Work to complete: Under this line are the records; repeat exactly the lines starting at the one containing "Sick African man" and ending at the one containing "Okulumuzda çevre bilincini", omitting pictures.

Data to examine:
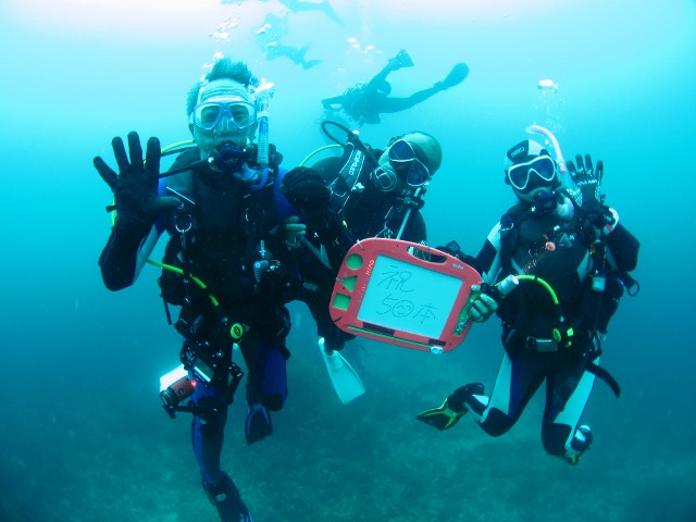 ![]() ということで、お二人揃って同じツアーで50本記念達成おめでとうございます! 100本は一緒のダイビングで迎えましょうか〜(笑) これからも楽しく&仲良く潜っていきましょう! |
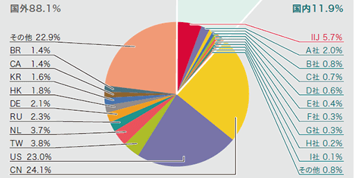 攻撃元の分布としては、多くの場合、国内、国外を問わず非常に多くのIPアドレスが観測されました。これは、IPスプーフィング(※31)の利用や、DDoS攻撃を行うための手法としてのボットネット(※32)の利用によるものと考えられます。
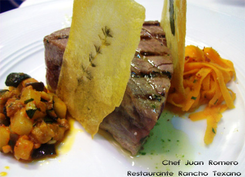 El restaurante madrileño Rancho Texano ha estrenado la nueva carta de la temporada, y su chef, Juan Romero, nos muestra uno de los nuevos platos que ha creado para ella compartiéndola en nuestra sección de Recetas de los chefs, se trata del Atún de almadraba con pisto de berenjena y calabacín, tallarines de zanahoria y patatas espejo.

* * *

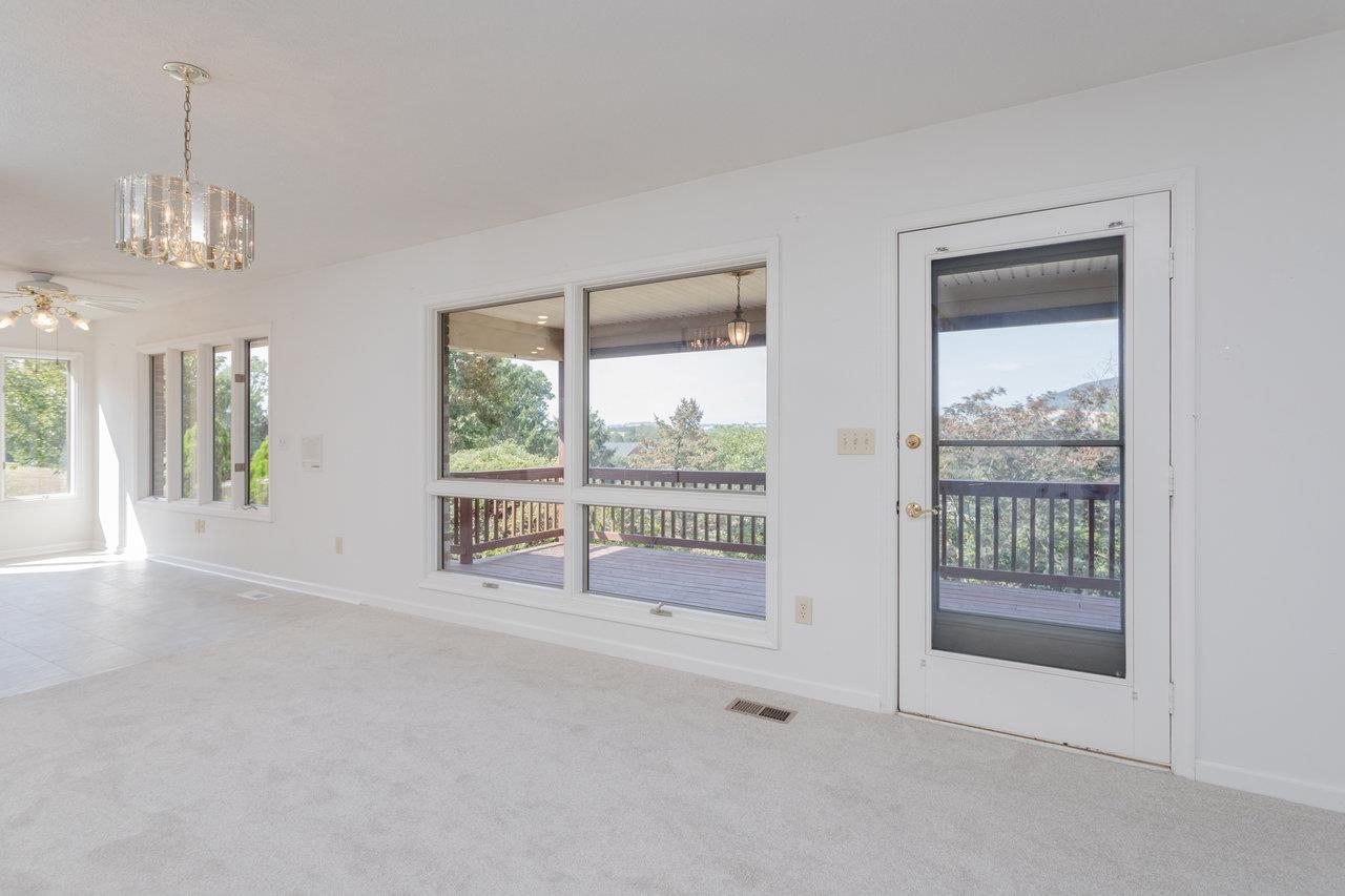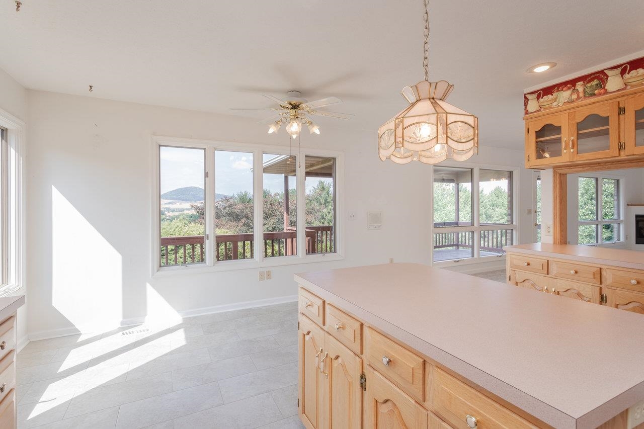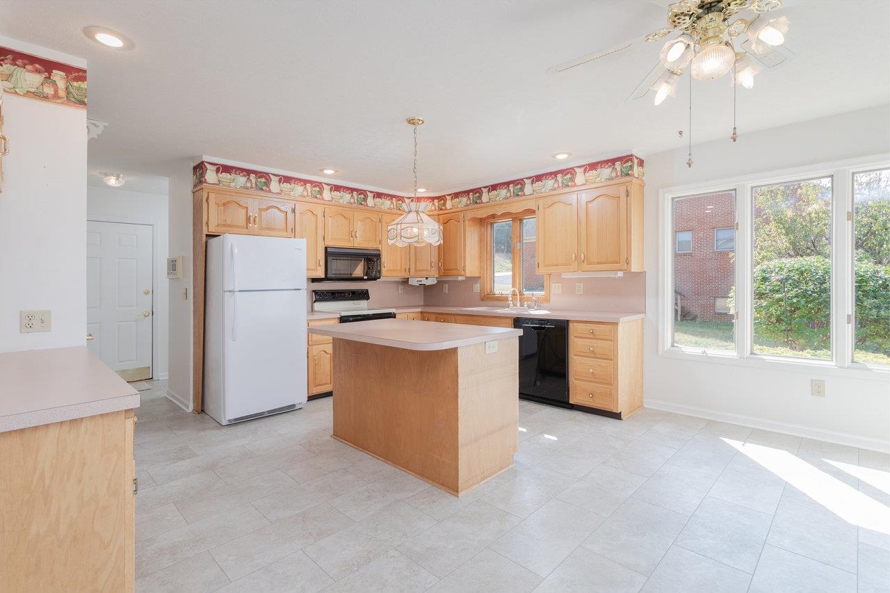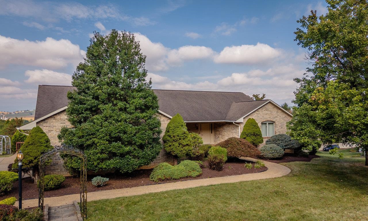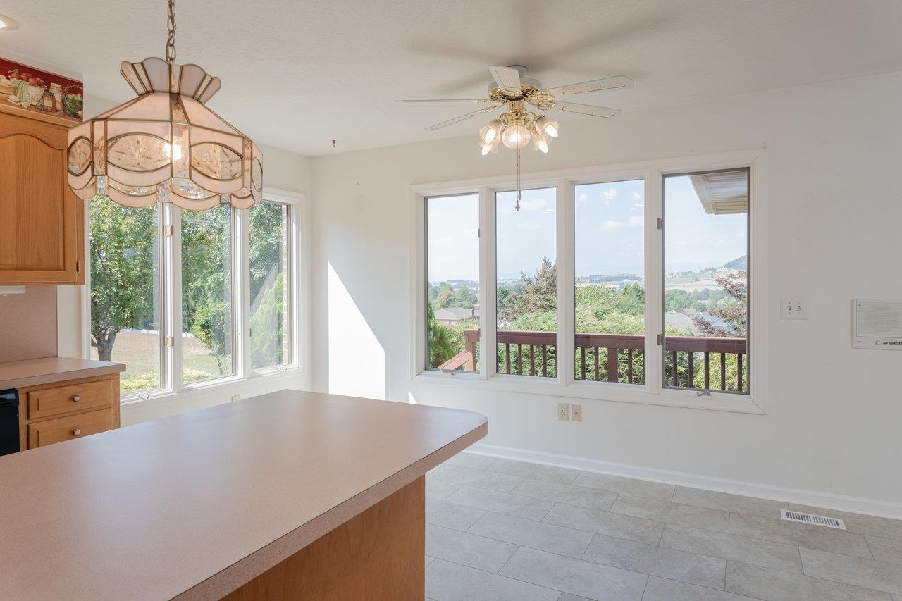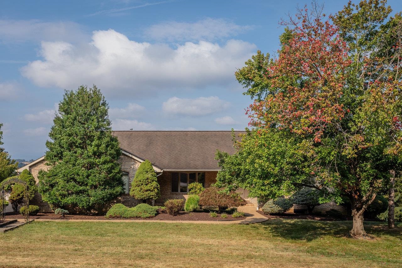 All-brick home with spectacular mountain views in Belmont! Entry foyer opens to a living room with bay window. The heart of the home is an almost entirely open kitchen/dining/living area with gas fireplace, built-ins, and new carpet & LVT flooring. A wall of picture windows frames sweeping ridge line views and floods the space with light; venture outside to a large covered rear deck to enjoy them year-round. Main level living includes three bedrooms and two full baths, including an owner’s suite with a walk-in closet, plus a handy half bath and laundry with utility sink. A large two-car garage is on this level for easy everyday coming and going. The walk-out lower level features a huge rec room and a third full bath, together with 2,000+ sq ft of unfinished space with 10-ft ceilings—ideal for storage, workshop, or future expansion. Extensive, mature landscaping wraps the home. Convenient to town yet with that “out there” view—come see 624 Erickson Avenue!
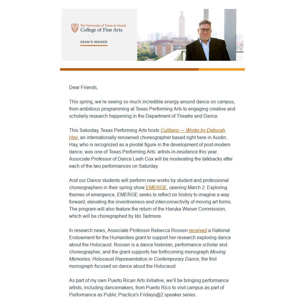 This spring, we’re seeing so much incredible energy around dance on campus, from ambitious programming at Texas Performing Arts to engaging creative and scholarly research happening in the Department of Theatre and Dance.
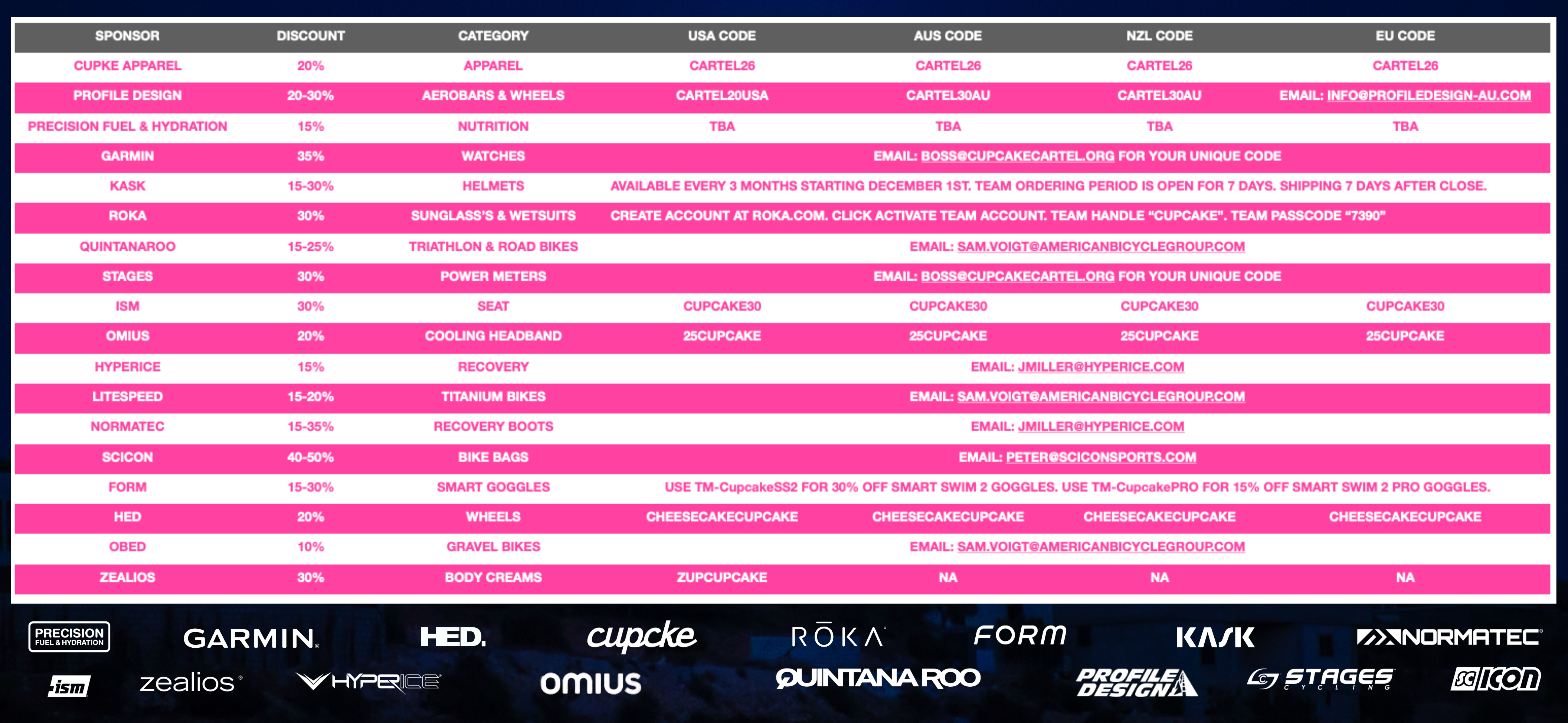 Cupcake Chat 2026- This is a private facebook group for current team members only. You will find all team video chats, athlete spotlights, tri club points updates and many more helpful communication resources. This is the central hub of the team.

* * *

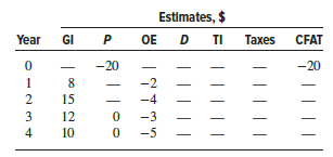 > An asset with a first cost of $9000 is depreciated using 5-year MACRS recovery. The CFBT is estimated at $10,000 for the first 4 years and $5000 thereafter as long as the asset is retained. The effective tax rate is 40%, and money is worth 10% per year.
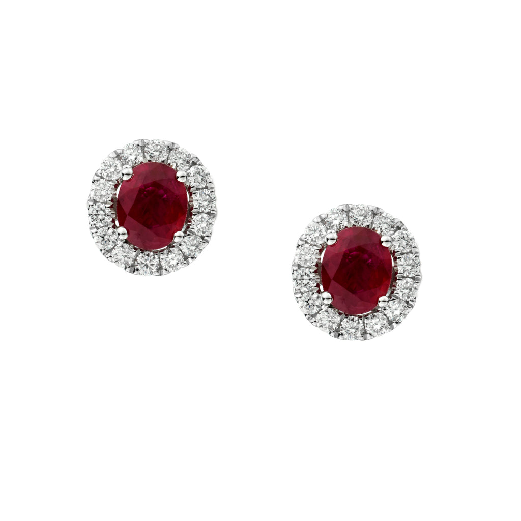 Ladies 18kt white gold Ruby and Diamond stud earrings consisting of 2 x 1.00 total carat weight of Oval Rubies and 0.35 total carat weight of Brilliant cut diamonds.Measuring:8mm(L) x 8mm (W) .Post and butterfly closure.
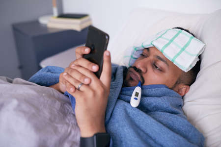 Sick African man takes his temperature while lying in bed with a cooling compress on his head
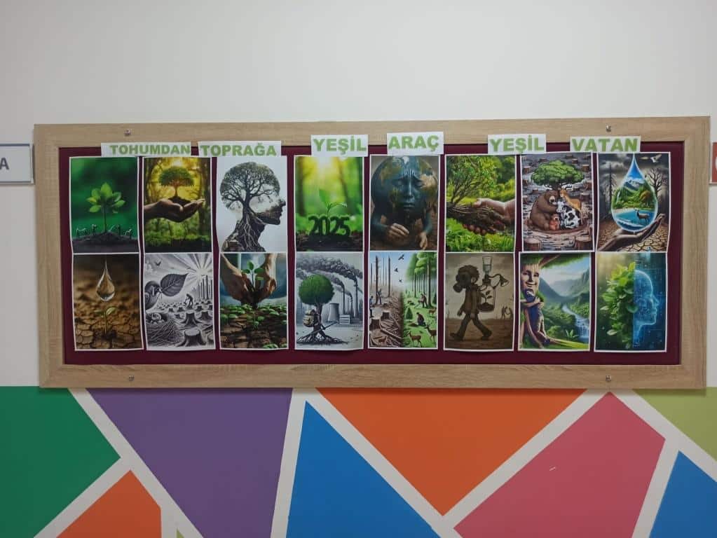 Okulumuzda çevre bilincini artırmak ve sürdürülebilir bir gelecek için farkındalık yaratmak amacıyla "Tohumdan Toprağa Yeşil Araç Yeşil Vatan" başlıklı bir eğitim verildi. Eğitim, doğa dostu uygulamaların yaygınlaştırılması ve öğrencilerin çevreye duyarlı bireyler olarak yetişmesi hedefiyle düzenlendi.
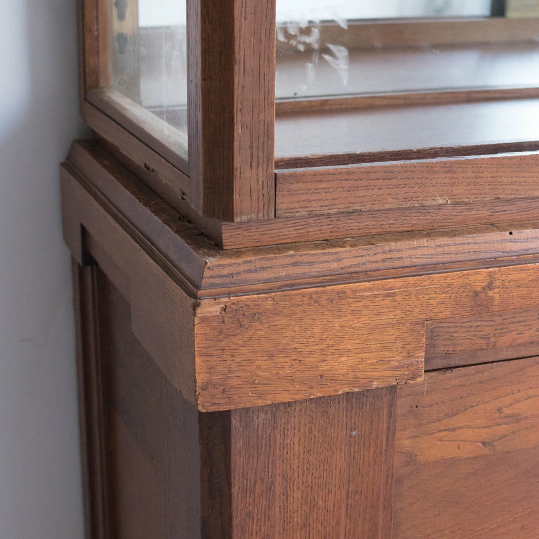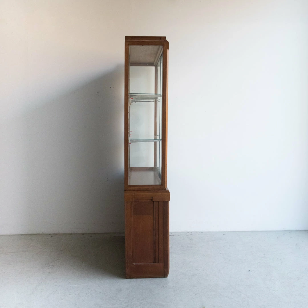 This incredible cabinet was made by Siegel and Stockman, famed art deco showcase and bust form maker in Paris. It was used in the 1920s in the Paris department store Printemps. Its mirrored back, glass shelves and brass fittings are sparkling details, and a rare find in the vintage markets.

Answer space:
 Sick African man takes his temperature while lying in bed with a cooling compress on his head
 Okulumuzda çevre bilincini artırmak ve sürdürülebilir bir gelecek için farkındalık yaratmak amacıyla "Tohumdan Toprağa Yeşil Araç Yeşil Vatan" başlıklı bir eğitim verildi. Eğitim, doğa dostu uygulamaların yaygınlaştırılması ve öğrencilerin çevreye duyarlı bireyler olarak yetişmesi hedefiyle düzenlendi.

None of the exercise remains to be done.